Singapore has sentenced a drug suspect to death at a court hearing held on the videoconferencing app Zoom because of the city-state’s COVID-19 lockdown, in a decision criticized by a human rights group as callous and inhumane.
Defense lawyer Peter Fernando said the Singaporean Supreme Court announced the penalty to his client, Punithan Genasan of Malaysia, in a virtual hearing on Friday last week.
Genasan was in jail, while Fernando and prosecutors participated in the hearing from different locations.
A spokesperson said that courts have been conducting hearings and delivering judgements remotely to minimize the spread of the coronavirus.
The spokesperson, who declined to be identified under court policy, confirmed that Genasan’s case was the first “where a death sentence was pronounced by remote hearing in Singapore.”
Singapore is not the first nation to do so. Human Rights Watch said that a man in Nigeria was also sentenced to death via Zoom earlier this month, reportedly for murder.
“This has been the arrangement made by the court ... with essential hearings conducted via Zoom.
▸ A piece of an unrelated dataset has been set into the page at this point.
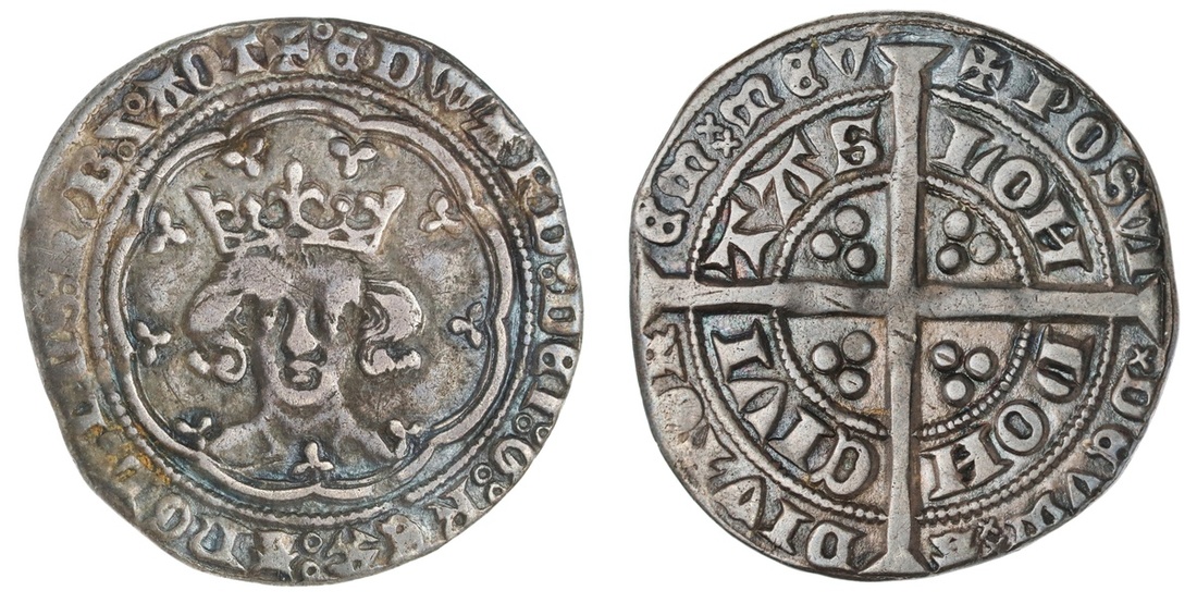 England. Plantagenets. Edward III (1327-1377). Treaty period, 1361-1369. Groat. 4.39 gms. Crowned facing bust in tressure, annulet before EDWARD, rev. Long cross, triplet of pellets in each angle. S.1617. Deep slate gray. Very Fine.

We have no complaints,” Fernando said on Wednesday.
He said he would meet Genasan today to discuss an appeal.
The court ruled that Genasan, 37, was involved in drug trafficking in October 2011.
Court documents showed the judge found that he recruited two drug couriers, and directed them to transport and deliver 28.5g of heroin.
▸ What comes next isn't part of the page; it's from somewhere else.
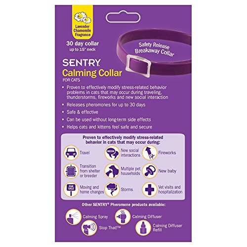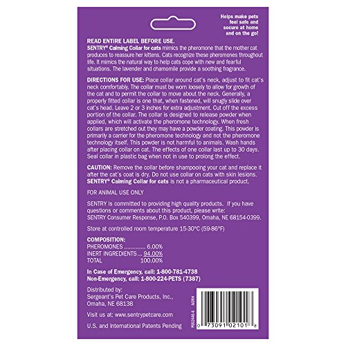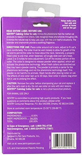 -. Feature : Helps reduce separation anxiety, excessive meowing, destructive behavior & inapproP.R.Iate marking / Sustained released pheromones are proven effective to last up to 30 days / Fresh, soothing lavender chamomile fragrance / Cat calming aid for cats & kittens with necks up to 15" / Non-toxic formula

Singapore applies the death penalty to a range of offenses, including drug trafficking, murder, kidnapping, waging war against the government and use of firearms.
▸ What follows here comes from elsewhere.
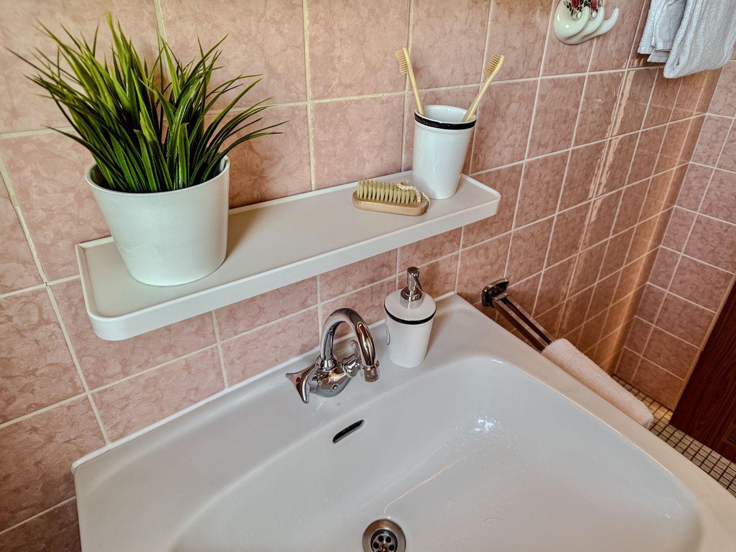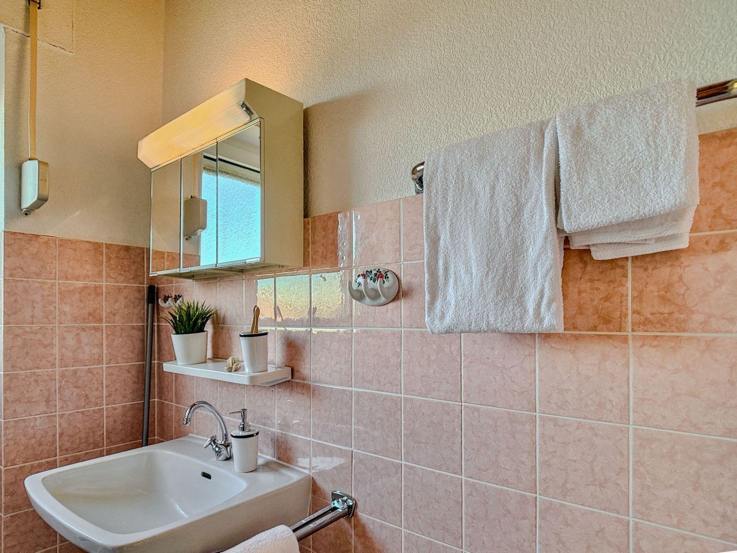 Das Badezimmer ist funktional und bietet ausreichend Platz für Ihre Morgenhygiene.

Human Rights Watch said the death penalty is already cruel and inhumane.
“It’s shocking the prosecutors and the court are so callous that they fail to see that a man facing capital punishment should have the right to be present in court to confront his accusers,” Human Rights Watch deputy Asia director Phil Robertson said.
He said it raised concerns about why Singapore is rushing to conclude the case via Zoom.
Amnesty International urged Singapore to abolish capital punishment altogether.
“At a time when the global attention is focused on saving and protecting lives in a pandemic, the pursuit of the death penalty is all the more abhorrent,” Amnesty International death penalty adviser Chiara Sangiorgio said.